Theory9. Hidden Markov Model(2)
9. Hidden Markov Model
\(\newcommand{\argmin}{\mathop{\mathrm{argmin}}\limits}\) \(\newcommand{\argmax}{\mathop{\mathrm{argmax}}\limits}\) 이번 Post는 문일철 교수님의 머신러닝 보다는 실제 Problem에 접목시켜서 Hidden Markov Model에 대하여 알아보고, 실제 Model을 Code로서 확인하는 Post입니다. (많은 책에서 Code는 다루지 않아서 나중에 사용하기 위하여 정리하였습니다.)
- 9.5 Hidden Markov Code
9.5 Hidden Markov Code
실제 Package로서 hmm learn(https://hmmlearn.readthedocs.io/en/latest/)를 제공하나 시도해보고자 하는 Dataset이 적어서 잘 작동하지 않았다.

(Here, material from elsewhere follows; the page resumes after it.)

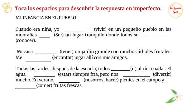 MI INFANCIA EN EL PUEBLO Cuando era niña, yo (vivir) en un pequeño pueblo en las montañas. (Ser) un lugar tranquilo donde todos se (conocer). Mi casa (tener) un jardín grande con muchos árboles frutales. Me (encantar) jugar allí con mis amigos. Todas las tardes, después de la escuela, todos (ir) al río a nadar. El agua (estar) siempre fría, pero nos (divertir) mucho. En verano, (nosotros, hacer) picnics en el campo y (comer) frutas frescas.

따라서 Low Level에서 확인할 수 있는 Implement Viterbi Algorithm in Hidden Markov Model using Python and R(http://www.adeveloperdiary.com/data-science/machine-learning/implement-viterbi-algorithm-in-hidden-markov-model-using-python-and-r/)를 사용하여 실습을 진행하였다.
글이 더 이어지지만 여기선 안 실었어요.